Los integrantes de la banda travestida que participó en aquella lamentable puesta en escena que cerró el acto del Apruebo en Valparaíso, ahora protestan –creo que con alguna razón– diciendo que por causa de lo ocurrido han recibido amenazas de muerte y que no tienen manera de salir a la calle a procurarse el sustento. Por eso en el anuncio donde comparten su malestar y angustia en las redes sociales dejan de paso consignada una cuenta rut para ver si alguien decide depositar algún dinero como gesto de solidaridad y quizá de perdón.
Hay un acuerdo general sobre la naturaleza de lo sucedido. Incluso antes de que alguien sacara el argumento de que podía haber niños entre el público que contempló con pavor la bandera mancillada, el consenso indicaba que –y sin contar con la edad de los presentes– la acción era por sobre todo fea y repulsiva. Yo diría que asquerosa. El entusiasta comentario de cierre de la periodista que conducía el espectáculo, donde se refirió a cierta incapacidad semántica del mundo del Rechazo para inmunizarse de la sensación de asco por lo sucedido, puede que haya hecho más ominoso el asunto y que posiblemente lo haya empeorado. Que también el discurso de la periodista y sus gestos desfachatados hayan provocado asco, mientras festinaba por lo sucedido antes de caer en la cuenta de su responsabilidad y autocancelarse como hizo al día siguiente.
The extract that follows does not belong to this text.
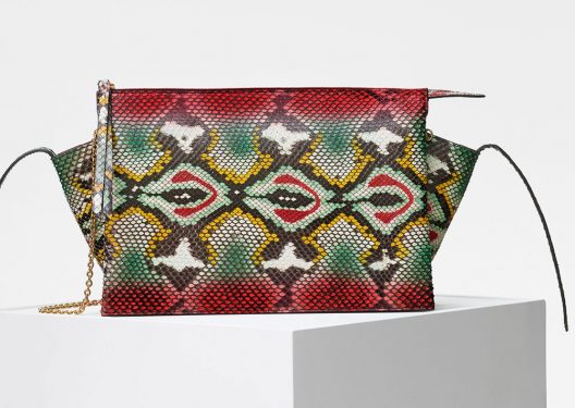 Céline seems to know it’s got a special little bag on its hands; not only does Trifold Crossbody Clutch come in several shades of leather for $2,200, but it’s also available this season in watersnake ($2,700), python ($3,050) and crocodile (price upon request). Check out all the seasonal versions below; this bag is available at Céline boutiques worldwide.
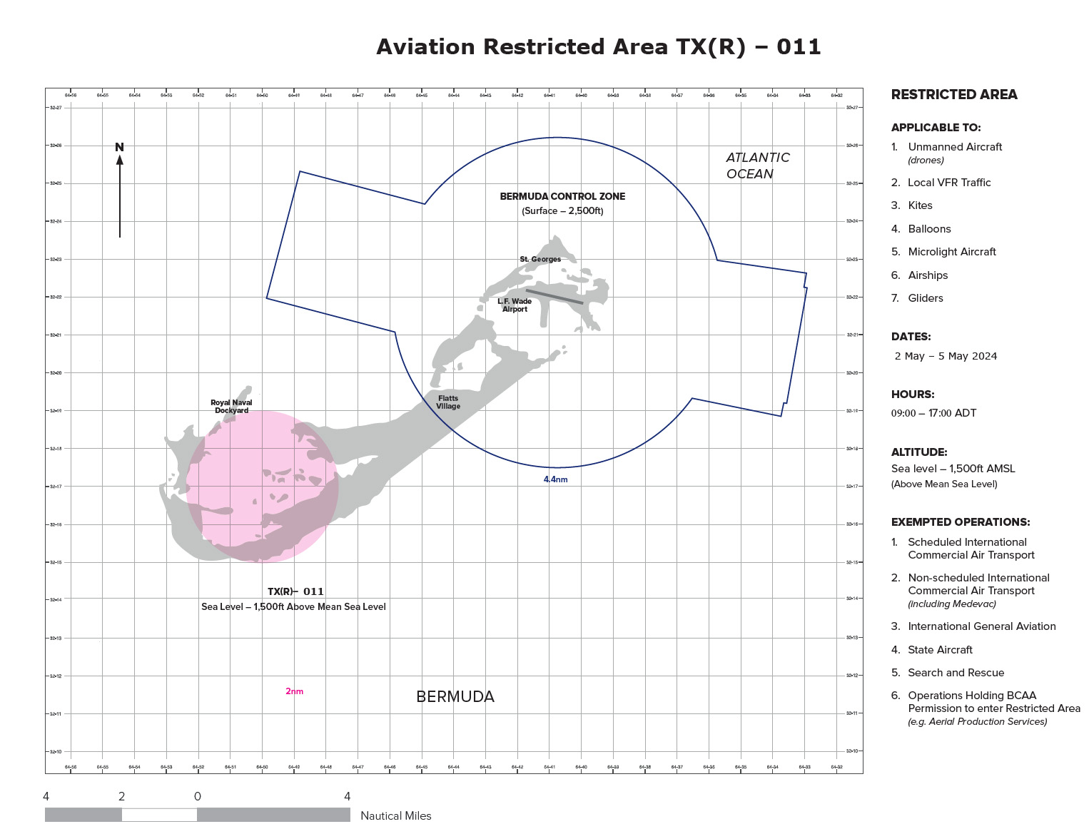 FOR IMMEDIATE RELEASE The BCAA announces temporary no-fly zone in advance of SailGP event Hamilton, Bermuda, April 29, 2024 – The Bermuda Civil Aviation Authority (BCAA) has announced a temporary no-fly zone over the Great Sound that will take effect during next month’s Apex Group Bermuda Sail Grand Prix. The restriction will cover the airspace above and around the racing event, as illustrated in the diagram below, and will be in force from 2nd May 2024 to 5th May 2024, between the hours of 9:00 a.m. and 5:00 p.m.

Planificado o no, su comentario fue parte de la performance y quedó ligado para siempre en esta cadena de hechos potencialmente delictuales. Sin embargo, autocancelada y todo no la hemos visto luego de una semana del evento suplicando por fondos para poder sobrevivir. Eso naturalmente tiene que ver con la pobreza. No es difícil darse cuenta. El pornoterrorismo (así lo llama la agrupación de marras) encontró su nicho en aquellos días oscuros de octubre de 2019. Todavía se recuerda, también con repulsa, lo sucedido en el frontis de la Universidad Católica. Todos saben que ahí pasó algo similar a lo de Valparaíso. Un crudo ataque contra la dictadura sexual puesto en escena de la manera por todos conocida. Salvo un comentario a la pasada de la Defensoría de la Niñez, no logro encontrar crítica alguna de parte del mundo del Octubrismo sobre el hecho. Y eso a nadie debería extrañarle. El pornoterrorismo se sustenta en los círculos del underground duro y entre cierta intelectualidad que recibe con agrado todo escándalo y destrucción que no se desarrolle cerca de su casa. A diferencia del Circo Timoteo, show que mucha gente afín al travestismo viene disfrutando desde hace años, esta iniciativa carece de toda contemplación con el espectador quien, quizá animado por una insana curiosidad o con la sorpresa de quien le toca un terceo, debe observar el desarrollo de estos impactantes acontecimientos. No falta quien hable de una acción política. Y que diga que los actos pornoterroristas son hijos bastardos del Situacionismo, que tanto gustaba entre los jóvenes burgueses de los 60 acostumbrados a irrumpir con sus happenings en los espacios cotidianos de la sociedad capitalista sin correr riesgo alguno. Pero en esto –cuando hoy se habla de acto político– también hay cierto desprecio, solapado pero desprecio al fin, sobre las perversiones que vienen desde el mundo de la pobreza y que tienen alguna posibilidad de encajar en el escenario contracultural. El uso político le ha dado a estas prácticas una vida engañosa y pasajera, con ideólogos entusiasmados pero hábilmente lejanos y bien guarnecidos. Por lo menos con ahorros para no andar macheteando luego de una semana de ocurrido el sacrificio.
Son actos raros, difícilmente clasificables, que casi nadie podría disfrutar. Y esto es difícil saberlo pero uno quisiera creer que, no obstante su propio oscurantismo, en el siglo XIX había algo más de honestidad al respecto. Richard von Krafft-Ebing tenía la posibilidad de reunir en su obra Psicopatía Sexualis todo el vasto catálogo de degeneraciones identificadas en ese tiempo, sin preocuparse por su significado antisistémico. Podía trabajar tranquilo, sin culpa ni miedo. Como hacían los antiguos alienistas. No tenía al lado a todo al lote identitario y chanta tratándolo de mala manera –como a un criminal– ni a nadie promocionado rabiosamente la exhibición de estas prácticas con la intención de sembrar el terror entre las élites del Imperio Austro-Húngaro.
Pero no hay duda que el mundo cultural ha sido traicionero. Y con esta banda travestida la cosa va ser peor. Porque al acuerdo sobre el asco y el daño a la causa del Apruebo, se agrega el general deseo de que sean severamente castigados por la justicia. Como saltimbanquis pobres y privados de talento, autores de una ofensa que creyeron apropiada para el criterio de la izquierda posmoderna, nada les asegura que todo su envalentonamiento no tenga otro destino que la miseria. Todavía reclaman por el pago que no recibieron aquella noche. Y sus extraños admiradores ahora se alejan de ellos como si habitaran un leprosario. Los mismos que se sentían parte de un situacionismo ultrón, amargamente chileno, feo como todo lo que dejan a su paso. Y esta es la performance final: la banda de travestis pidiendo plata –cual payasos deformados esperando a Godot– en una ciudad perdida, megalómana y lastimera. Una ciudad sin esperanza.